Google AR-powered Microscope mixing Machine Learning and Augmented Reality has been developed for detecting cancer
Google AR-powered Microscope
Google AR-powered Microscope has been developed for detecting cancer. It’s basically a team effort by Google researchers who have come up with a Machine Learning (ML) and Augmented Reality (AR) powered microscope that helps in real-time detection for saving lives of the patients. During the annual meeting of the American Association for Cancer Research (AACR) in Chicago, Illinois on Monday, Google explained a prototype Augmented Reality Microscope (ARM) platform that helps in accelerating and democratising the adoption of deep learning tools for pathologists around the world.
It consists of a modified light microscope that makes real-time image analysis and presentation of the results of ML algorithms directly into the field of view. The ARM retrofits into existing light microscopes all around the world by using low-cost and easily available components. It doesn’t even need whole slide digital versions of the tissue being analysed. It has shown promising results in the field of pathology, dermatology, radiology, and ophthalmology.
Martin Stumpe, Technical Lead and Craig Mermel, Product Manager, Google Brain Team, wrote in a blog post, “In principle, the ARM can provide a wide variety of visual feedback, including text, arrows, contours, heatmaps or animations, and is capable of running many types of machine learning algorithms aimed at solving different problems such as object detection, quantification or classification.”
The post also said, “At Google, we have also published results showing that a convolutional neural network is able to detect breast cancer metastases in lymph nodes at a level of accuracy comparable to a trained pathologist.”

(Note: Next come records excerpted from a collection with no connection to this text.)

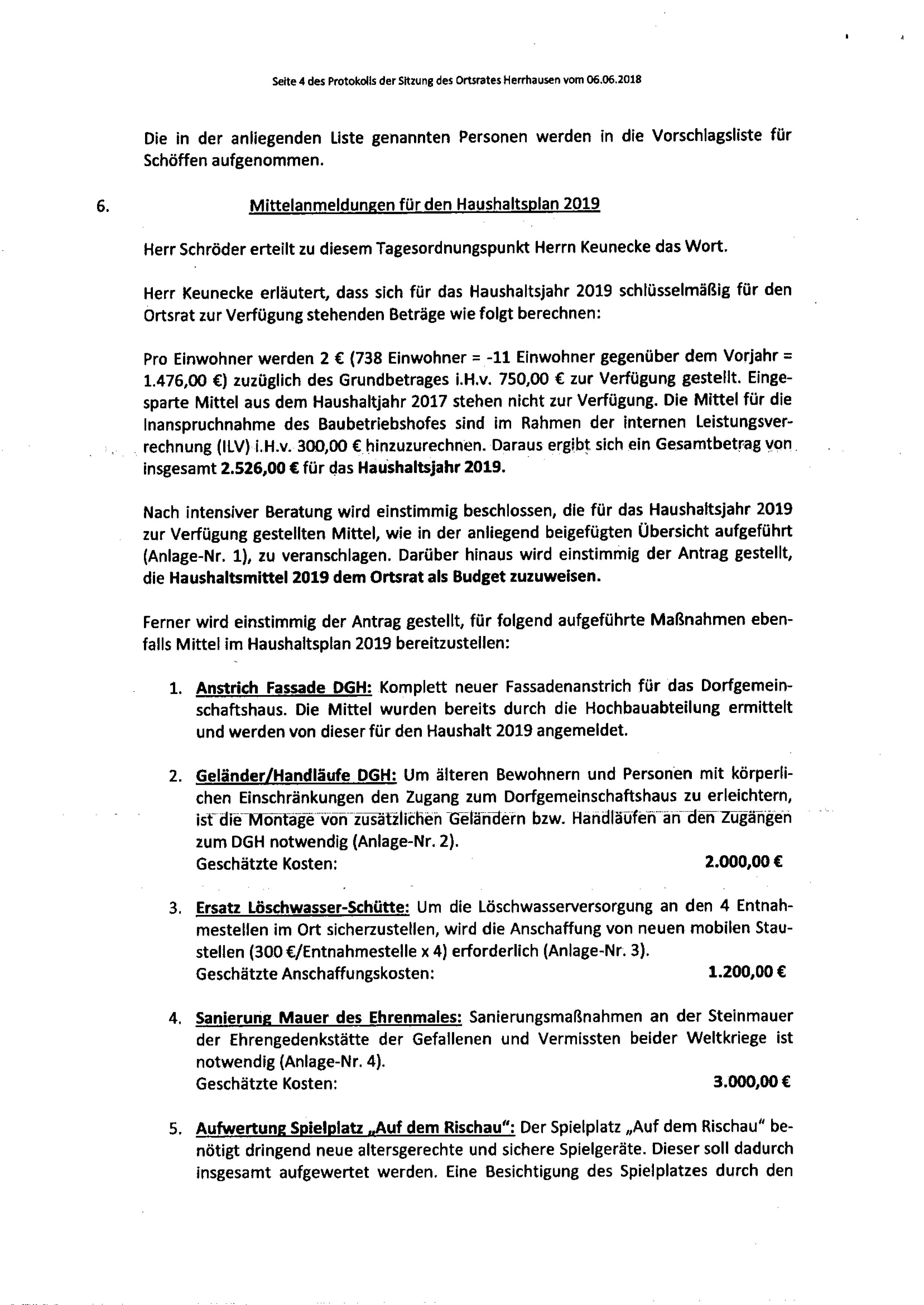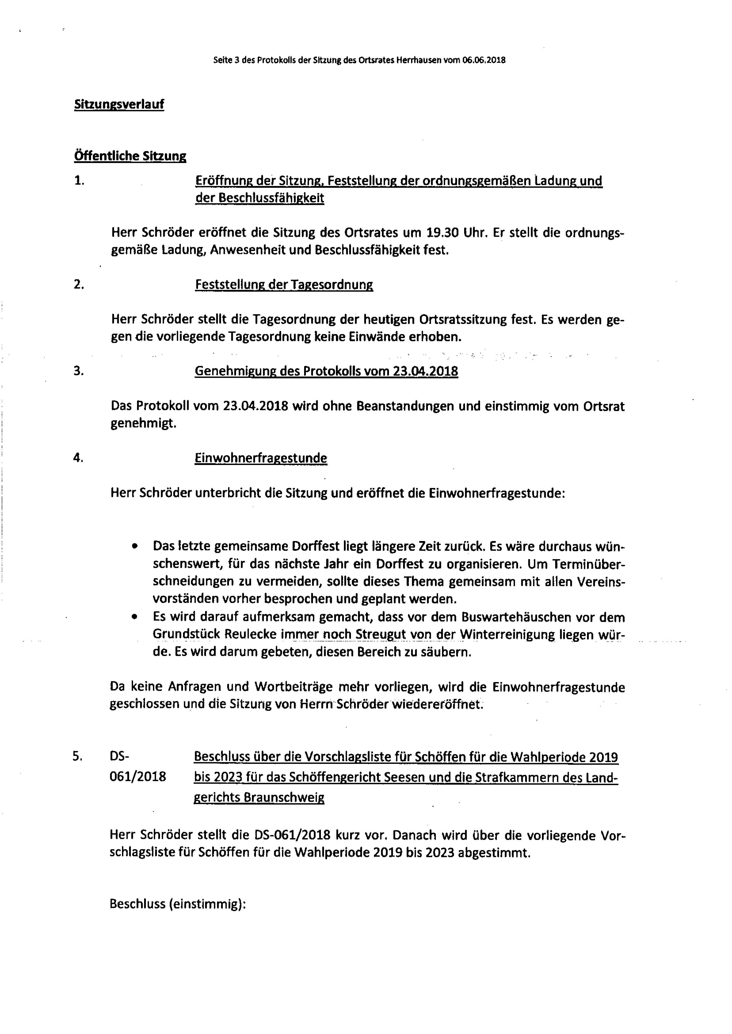 Protokoll über die Sitzung des Ortsrates Herrhausen am Donnerstag, dem 06.06.2018, 19:30 Uhr, in der Gaststätte "Zur Traube".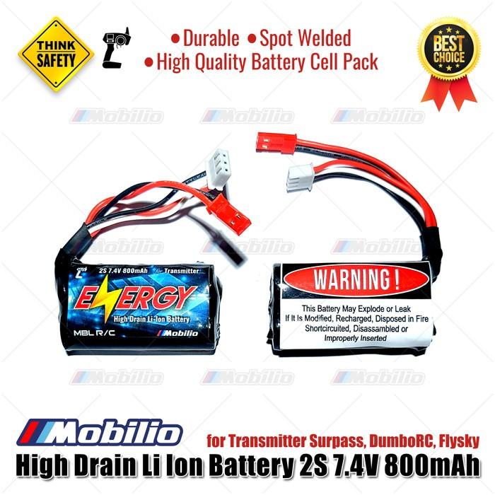 Baterai High Drain Li Ion Battery 2S 7.4V 800mAh for RC Remote Surpass DumboRC Flysky Transmitter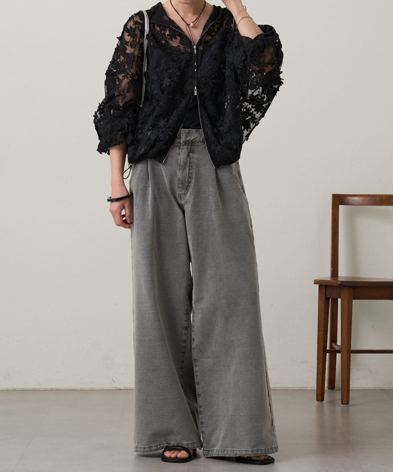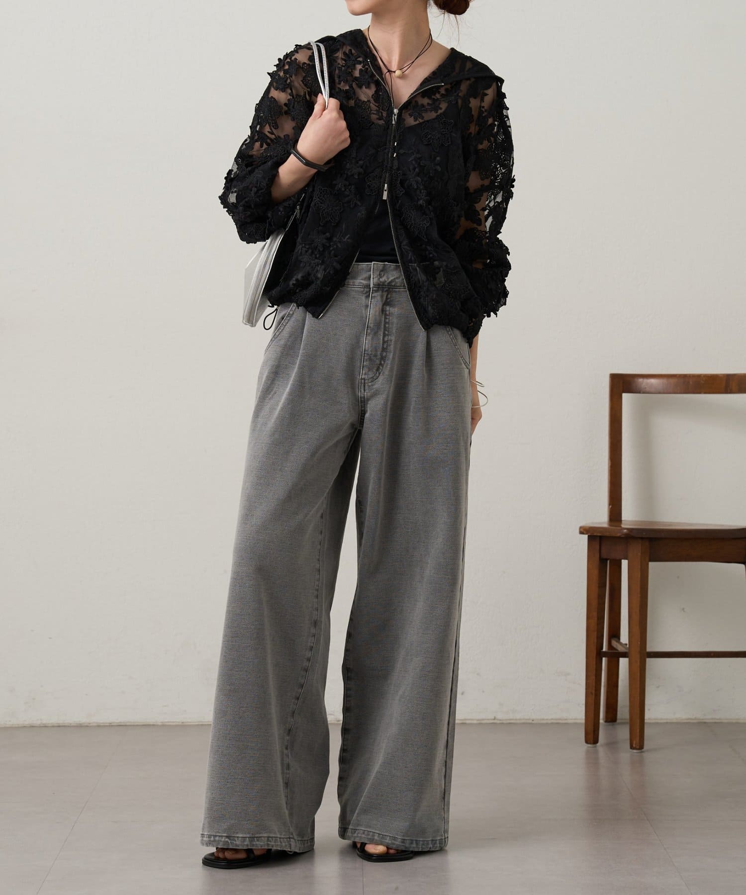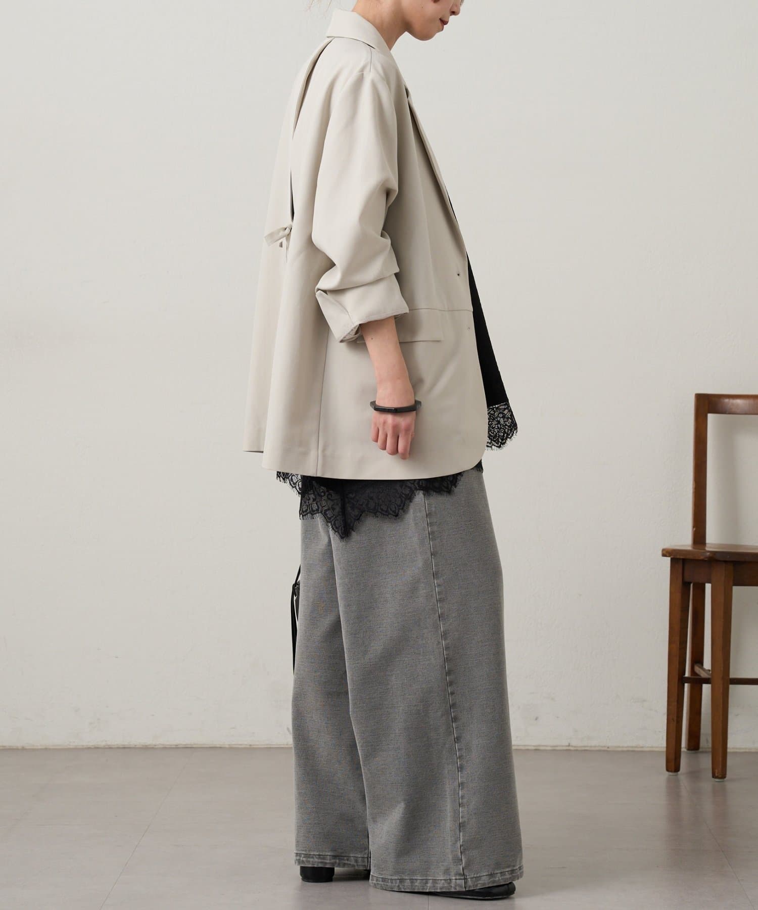 ・裾のドローコードで調節することで、ドロストデニムからストレートデニムまで幅広いスタイリングを楽しんでいただけます。

The new-age computational components and deep learning models, like those built on open source software “TensorFlow”, will allow a wide-range of pre-trained models for running on this platform. Google configured ARM for running 2 different cancer detection algorithms: one that helps in detecting breast cancer metastases in lymph node specimens and the second that helps in detecting prostate cancer in prostatectomy specimens.
According to Google, “While both cancer models were originally trained on images from a whole slide scanner with a significantly different optical configuration, the models performed remarkably well on the ARM with no additional re-training.”
Google added, “We believe that the ARM has potential for a large impact on global health, particularly for the diagnosis of infectious diseases, including tuberculosis and malaria, in the developing countries.”